This has been so helpful thanks to everyone.  I want to start trying anodizing and I had no idea 4045 rod would cause problems.  I will pick up some 5053 rods to try next. 

Jeff


----------



## Ray C (Jul 18, 2013)

Jeff,

I was curious about this myself and found this link last night. http://www.keytometals.com/Article39.htm Seems to be very good information and comparison of artificial and natural age hardening. There are vast differences depending on the alloy but some are as short as 4 days.



Ray

- - - Updated - - -


Also, you could build a low/medium temperature kiln.

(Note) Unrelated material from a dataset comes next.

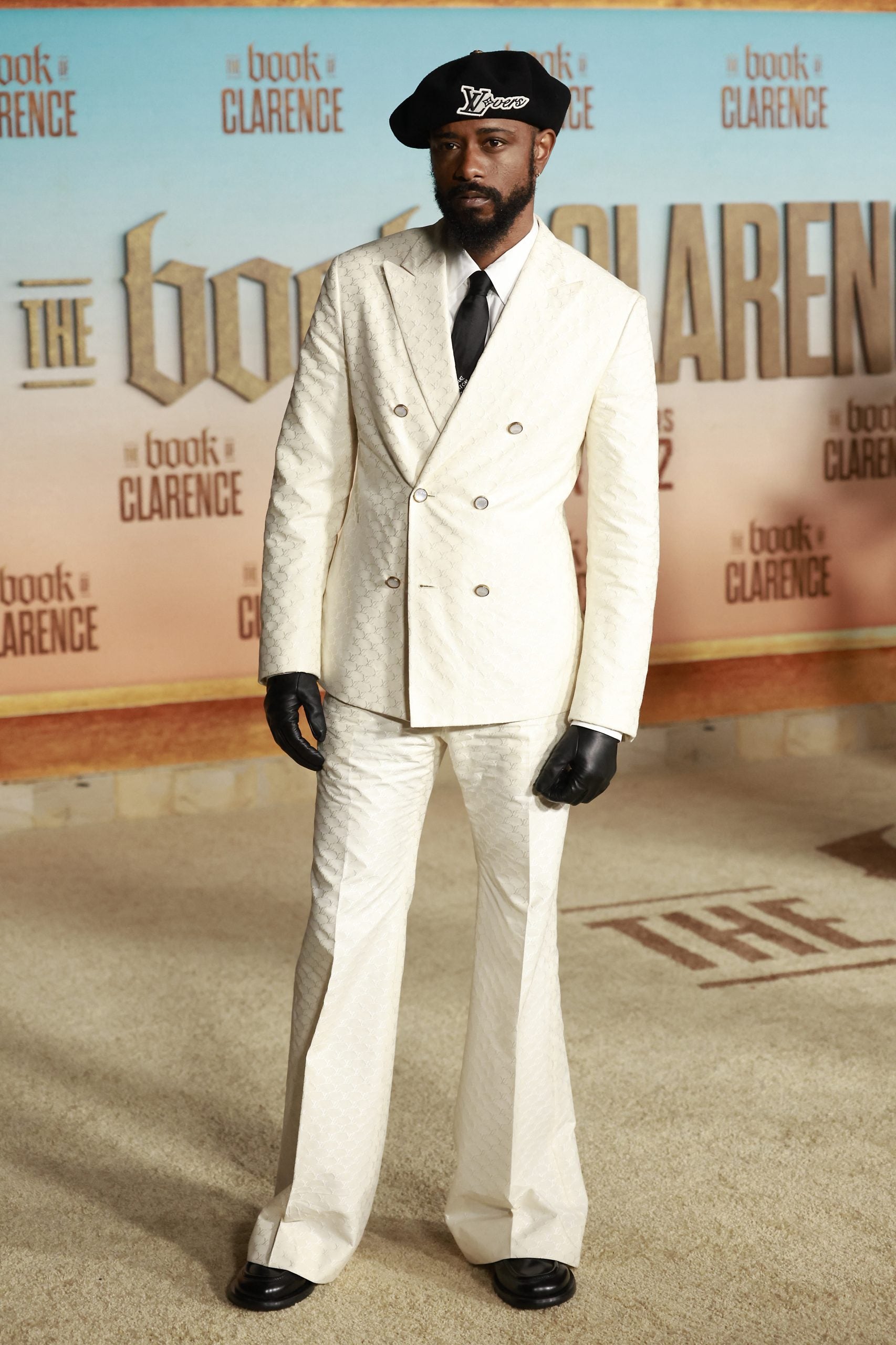 The men delivered quite a few delightful looks too. David Oyelowo wore a sky-blue leather suit by Amiri. And LaKeith Stanfield was wearing an aesthetically pleasing cream-patterned suit from Pharrell Williams and Louis Vuitton’s Pre-Fall 2024 collection. His outfit was topped off with a black beret.

It's not very hard and if you use the same insulating material I used, you might be surprised at how little electricity it consumes. A controller circuit will cost less than 100 bucks. My high temperature kiln takes about 15 minutes to reach 800 degrees. At that point I could shut it off and it will be 700 degrees 3 hours later. It's when you push past 1400 degrees (which you wont need) that it takes a constant supply of current to keep it hot.

Toaster oven?  Forget that.


Ray





Ray C said:


> Jeff,
> 
> I was curious about this myself and found this link last night. http://www.keytometals.com/Article39.htm Seems to be very good information and comparison of artificial and natural age hardening. There are vast differences depending on the alloy but some are as short as 4 days.
> 
> ...


----------



## churchjw (Jul 18, 2013)

Thanks Ray  That page is not one I found and has some great info.  I am out of room to build a large kiln but I may try a small one for small parts.  This does keep me from going down the dead end of trying a toaster oven.  :nuts::nuts:  Which is probably nuts.


----------